Retailing is a major economic driver and an important societal influence on the way we live and how our cities operate.
It’s also in the midst of upheaval that no one is certain will end and its most important season of the financial year is just weeks away
Given all that, it’s worth checking in on the latest news, developments and trends involving a regionally based company that is one of the biggest influencers in retail.
No, not that company. The other one.
While it’s easy to think of Starbucks as a coffee purveyor, placed firmly in the realm of restaurants, it has a huge presence in retailing, both for its own heft and its impact on other retail establishments and on retailing real estate.
At a recent trade show for a separate sector, an independent Washington retailer was lamenting the impact on foot traffic when a nearby Starbucks outlet closed.
Like that other mammoth regionally based retailer, Starbucks owes a considerable share of its success to a willingness to experiment and to defy conventional wisdom.
Charge premium prices for a commodity product? Just watch us. Put two of your own stores across the street from one another? Sure! Put them inside grocery stores like Safeway, even if you’ve got a freestanding store nearby? Why not. Drive-through lanes? But of course. Sell your products on grocery shelves for home consumption? We’re on it!
The breadth and depth of change at Starbucks makes for interesting times for competitors, which face decisions about chasing or imitating the giant or somehow counter-programming against it.
But what’s also fascinating to watch for everyone in retailing is not just the experiments that grow into new lines of business but the ventures on which the company pulls the plug.
That’s happened twice in recent weeks with Starbucks.
First, the company announced it is closing its 379 Teavana stores (local locations include the Tacoma and Southcenter malls.) The company will continue selling that brand of teas in its Starbucks outlets.
“Many of our Teavana mall-based stores have been persistently underperforming,” Chief Executive Kevin Johnson said on a conference call with investment analysts in July.
“We conducted a strategic review of the Teavana mall-based store business and concluded that despite our efforts to reverse the trend through creative merchandising and new store designs, the underperformance was likely to continue.”
This isn’t what mall properties needed to hear right now, struggling as they are with store closings by so many national retail chains.
One more departure not only eliminates whatever lease revenue that tenant was generating, it also removes one more draw of customers to that mall property. That affects foot traffic at other stores, which prompts more closures, and on spins the vicious cycle.
(In an earlier quarterly call in which executives warned Teavana’s future was under review, they also noted that “because Starbucks is a customer destination, profitability in our Starbucks mall store has largely been unaffected.”)
Mall owners are furiously rethinking the types of tenants they put in their properties. It’s no shock that some of the proposals for that other company’s second headquarters involve repurposing malls that couldn’t make a transition and closed.
A major factor in the woes of mall operators is online retailing, a segment of the business that Starbucks, interestingly enough, just pulled out of.
The other move Starbucks made this month was to turn out the lights on its online store as of Oct. 1. Many of the items, such as packaged coffee, tea and accessories, are still available in Starbucks stores.

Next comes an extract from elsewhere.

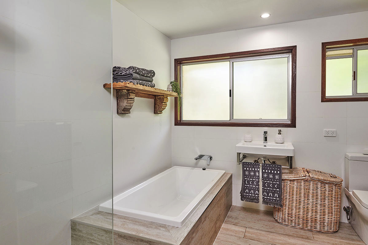 Open plan living, dining and kitchen merge together and flow out on to the back veranda. In the kitchen there are stone benchtops, induction cooktop and an internal laundry. Louvred windows bring in the breezes from the rear of the property. The large family bathroom is stylish with separate bath and shower.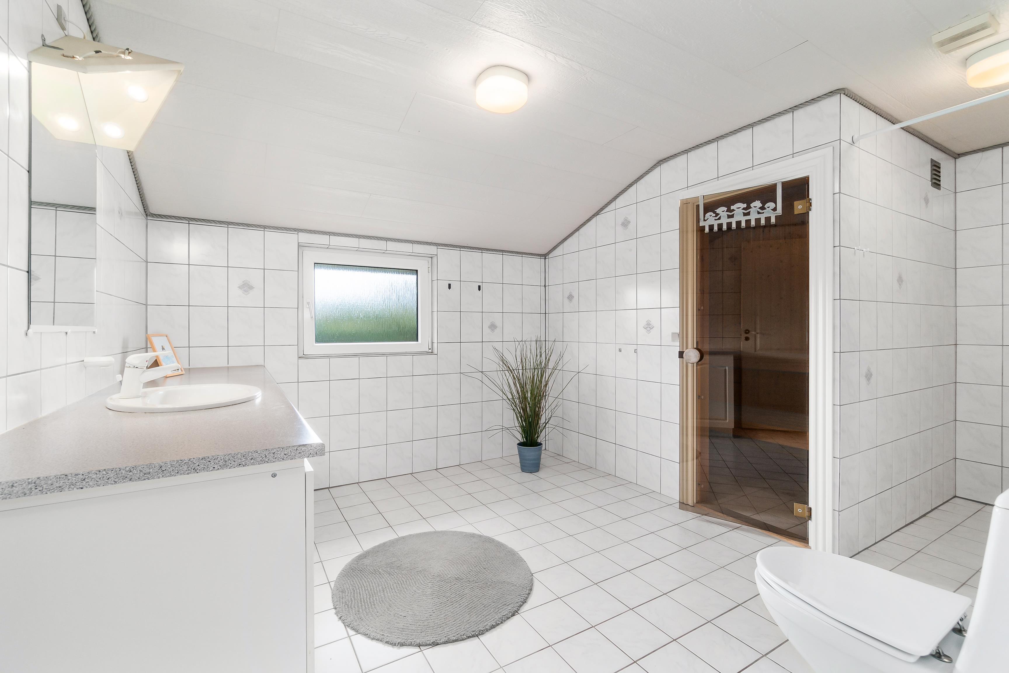 Overalt i sommerhuset er der god plads, både i stue, soveværelser og det store badeværelse med bruser samt gulvvarme og adgang til den rummelige sauna. Der er desuden gratis trådløst internet, vaskemaskine og tørretumbler i dette sommerhus.

That, in fact, seems to be the point.
Starbucks talks a lot about the need to integrate digital technology into what it does, but in its definition digital means ease of ordering and payment, and as a channel to offer deals and reward frequent shoppers. It does not include online shopping.
Chairman Howard Schultz described it thusly in that earlier conference call: “Every retailer that is going to win in this new environment must become an experiential destination. Your products and services for the most part cannot be available online and cannot be available on (name of that other online retailer here.)”
That’s a bold move, especially in an era in which the extinction of the physical store is proclaimed daily. It’s likely to give palpitations to retailers wondering whether they need to be imitating Starbucks again.
Perhaps giving up online won’t matter to Starbucks, given its near ubiquitous physical presence through which to sell stuff. Can others without that prominence or reach afford to copy it?
So here you have Starbucks signaling that bricks-and-mortar retailing is core to its existence and success, even as it also signals that one particular type of bricks-and-mortar retailing no longer works for it.
The strategy may work, or Starbucks could pivot tomorrow to some other model that will bring people in and sustain growth.
We’ll learn a lot about consumers and retailing by paying attention not only to what a company such as Starbuck does but also to what it undoes.